The Senior Research Study Coordinator 2 will be responsible for ensuring successful participant recruitment for observational research projects in a fast-paced environment. Requires scheduling of interviews, maintenance of project related spreadsheets, daily web meetings, and a keen eye for detail.  Must be comfortable speaking on the phone and work independently as a leader.

Essential Duties and Responsibilities:

• Function and strive for excellence in study conduct.
• Look for opportunities to innovate to streamline study coordination activities.
• Proactively manage study activities to meet the objectives of the project within stated timelines.
• Ability to work across multiple projects.

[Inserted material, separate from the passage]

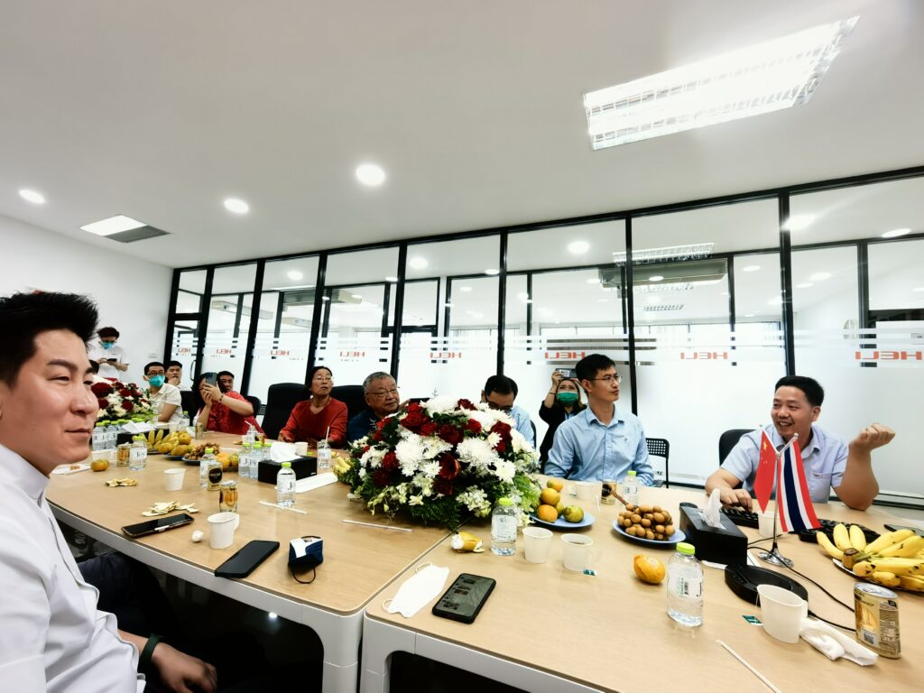 2022年11月11日上午,阳光明媚,碧空万里,泰国河南总商会代表团一行30余人到访合力东南亚有限公司,受到合力全体人员的热情接待。参加本次活动的有泰国河南总商会常务副会长赵韶林(泰丰钼业有限公司董事长),执行会长李培(荣晟国际有限公司董事长), 副会长兼秘书长路少奎(泰国卉爱有限公司总经理), 副会长李长江(High Efficiency Co.,Ltd炼油工厂总经理), 副秘书长法俊楠、于春晓、曹瑞鸿、 龙江华、杨一林、冯亮及相关理事、会员单位。合力东南亚公司陈许红总监受公司总经理花建峰委托,代表合力对来访嘉宾表示热烈欢迎,对大家给予合力的信任和一贯支持表示由衷感谢。双方希望通过此次活动来增进相互了解、深化务实合作、以及在双方感兴趣的方面进行友好座谈。
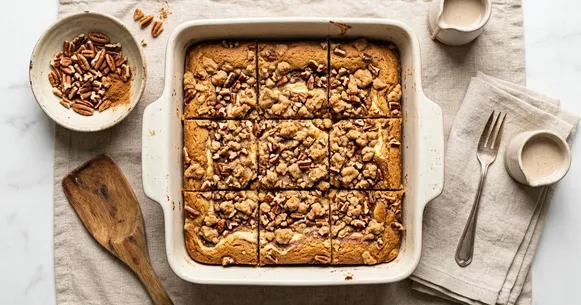 Add the pecan crumble. In the same small bowl, toss the chopped pecans with the cold butter cubes and erythritol-monk fruit blend, pinching and pressing with your fingers until rough, crumbly clusters form. Scatter the pecan crumble evenly over the swirled batter. Press very gently so the pecans nestle into the surface without sinking.

Day-to-Day Responsibilities:

• Ensure compliance with company SOPs for conducting observational research studies.
• Assist with development of project related documents. (e.g., protocol, informed consents)
• Assist with development of project specific vendor contracts and budgets.
• Work directly with third party recruitment agencies as well as patient advocacy groups and clinicians.
• Maintain communication with project teams in the COS offices (UK and USA) regarding ongoing recruitment and data collection via phone, email, and Teams meeting platform.
• Manage multiple projects (3-5) from initiation to completion including working with recruitment agencies and clinical sites, managing participant related documents, data entry in Microsoft Excel, communicating with participants by phone/email to schedule interviews, scheduling interviews using GoTo Meeting/ Open Voice, initiating and tracking participant payments, etc.
• Assist Director of Study Coordination with development of working practices and provide support to junior level study coordinators.

Minimum Requirements:

Qualifications:

• Experience in human subjects’ research data collection
• Strong organizational skills
• Demonstrated strong customer service focus.
• Excellent written, verbal and interpersonal communication skills, including the demonstrated ability to work in a team setting and foster collaborations – both internally and externally
• Demonstrated ability to be flexible and adaptable to changing business needs.
• Demonstrated problem-solving skills and project timeline management.
• Knowledge of clinical research a plus (or related area)
• Knowledge of both quantitative and qualitative research designs a plus

Education:

• Bachelor’s degree required in related area (Psychology, Biological/Life Sciences preferred); Master’s degree preferred.
• Minimum one year experience in line management.
• At least three years in study coordination/project management for the Research Study Coordinator 2 role and five years as a full-time Research Study Coordinator for the Senior Research Study Coordinator role; preference given to PMP training or certification.

Levels: 

• COS offers various levels within this position commensurate with qualifications and experience.